Last week, Ed brought brought us the story of the administrative drama currently plaguing Alcohol, Tobacco, Firearms and Explosives agent John Dodson in the endeavor to publish his personal account of his experiences in blowing the whistle on Operation Fast and Furious, the not-botched ATF operation in which the Obama administration pressed American gun dealers into selling thousands of weapons to Mexican narcotraffickers. Evidently, the Department of Justice was not entirely keen on the idea of Dodson writing a tell-all on the behind-the-scenes circumstances of the operation’s fallout, because they announced their intention to block his book’s publication due to some clearly made-up reasons about the possibilities for negatively affecting the agency’s “morale,” or something.
Even the ACLU — the ACLU, for goodness’ sake — saw the DOJ’s farcical excuse for what it was (i.e., a lame First-Amendment violation attempting to cover their own behinds) and announced they would be representing Mr. Dodson in his suit. Now, it looks like the DOJ may be having second thoughts about making a federal case out of Dodson’s book and drawing more attention than necessary to the deadly operation that they would really rather the American public never think on again: Hey, sure we’ll let Dodson publish his book — with just a few conditions, of course.
A federal agent will be allowed to write a book with an insider’s account of Operation Fast and Furious, reversing an earlier government attempt to block publication for “morale” reasons. However, John Dodson, an agent with the Bureau of Alcohol, Tobacco, Firearms and Explosives, won’t be allowed to make money on the book.
A U.S. law enforcement official familiar with the matter says the Justice Department, ATF and the Federal Bureau of Investigation will review Dodson’s manuscript and, after making redactions to protect sensitive law enforcement information, will clear it for publication. However, federal employee guidelines prohibit Dodson and other active agents from making a profit from their work in law enforcement, the official said. …
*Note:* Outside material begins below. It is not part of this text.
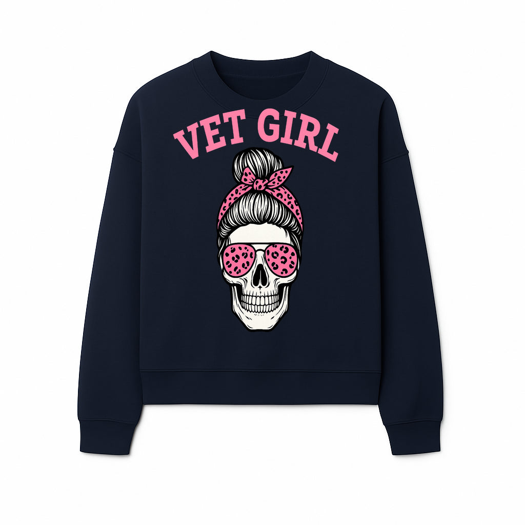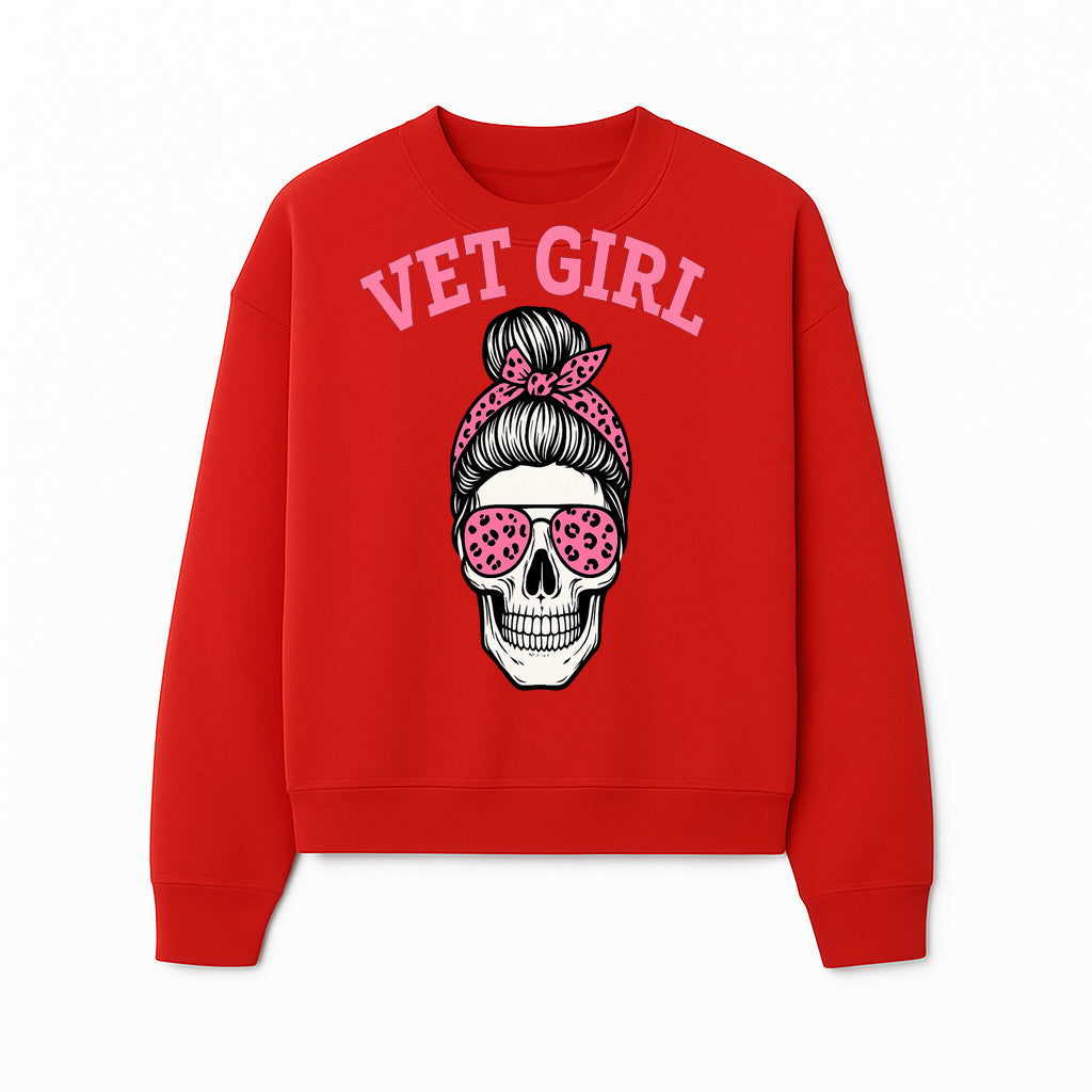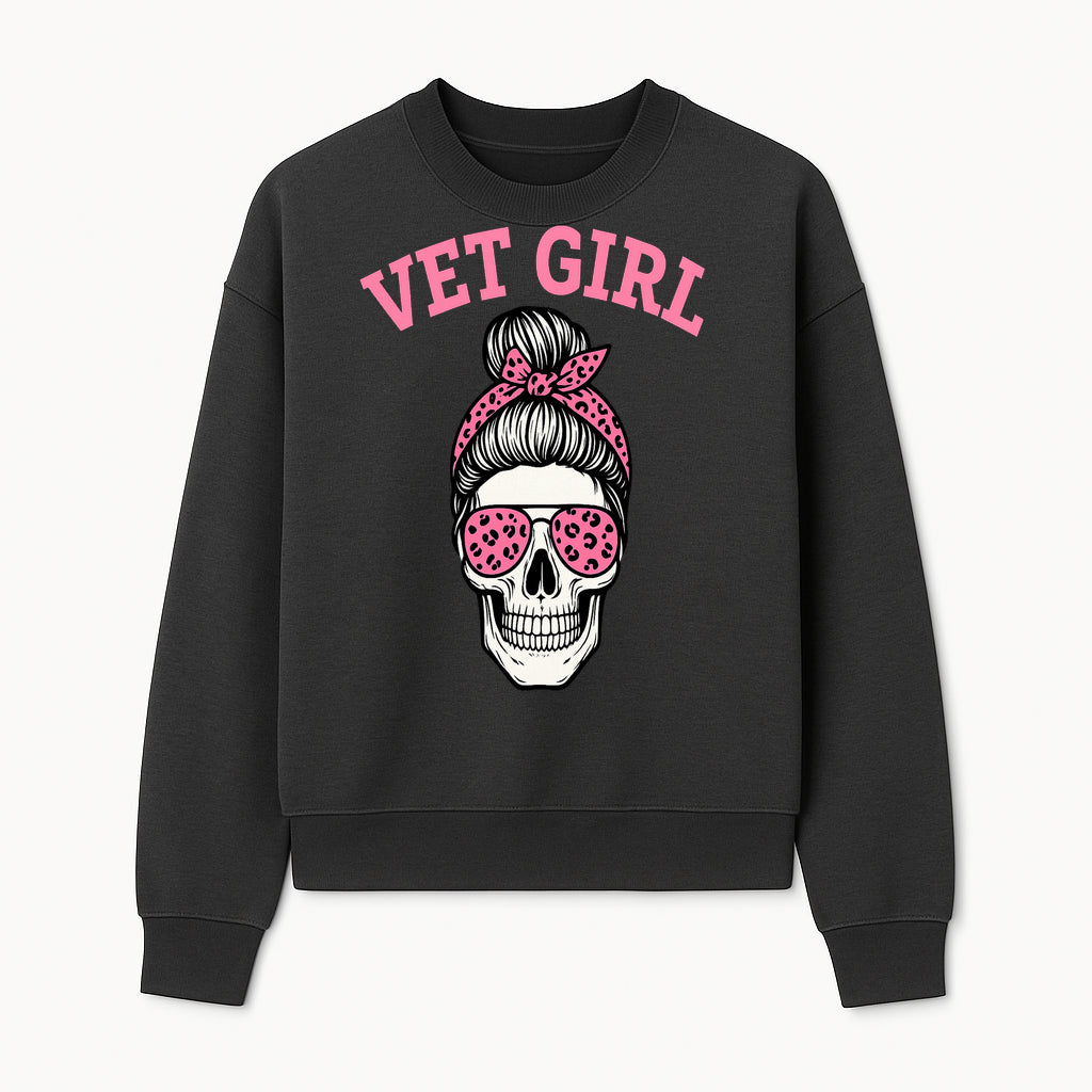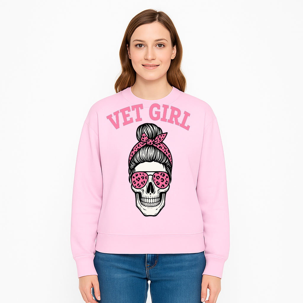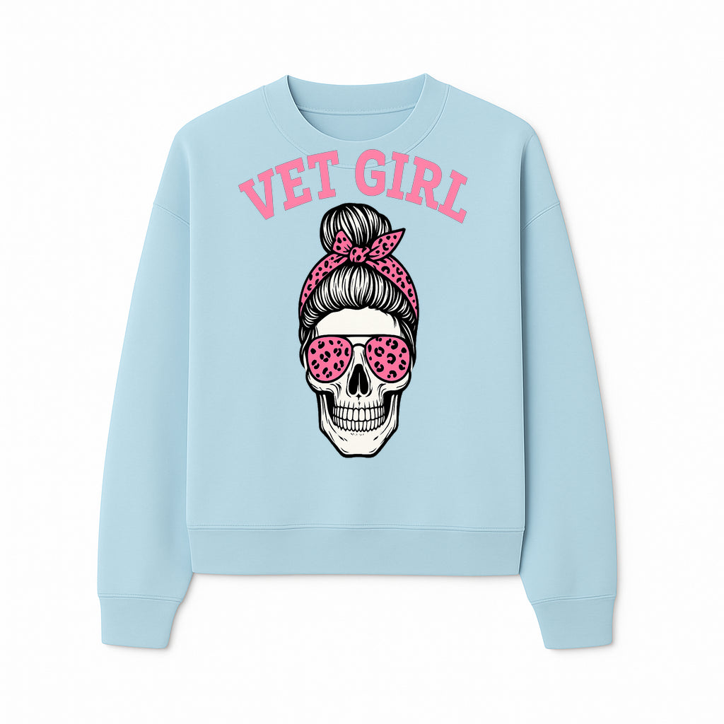 Vet Girl Skull Graphic Tee - Trendy Pink Leopard Sunglasses & Bandana Design for Animal Lovers - Sweatshirt

In an October 8 interview with Chris Cuomo, host of CNN’s “New Day,” Dodson rejected the claims about morale or about the ATF’s relationship with other agencies. “I think what happened, what we were doing, what the agency was doing, the Phoenix field division, the operation itself, I think that is what is harmful for morale,” Dodson said. “I think that is what is a detriment — to not only our relationship with other federal agencies, but our relationship with the American people and their trust in us.”
If the DOJ really wants to enforce the rules about active employees making a profit off of their work, then fine, but I have the gravest doubts that the DOJ personally redacting his story is going to be much of an improvement over simply banning the book’s publication altogether; Dodson has already clarified that he isn’t looking to reveal any sensitive information about ongoing operations, and I have a funny feeling that they’ll probably still rely on that utterly silly “morale” excuse as a major editing guideline.
I suppose we can only conclude that it isn’t for nothing that the Department of Justice is still actively stonewalling Congress on turning over thousands of documents that would shed more light on what can most generously be interpreted as the Obama administration’s willful and lethal negligence. Hmmm.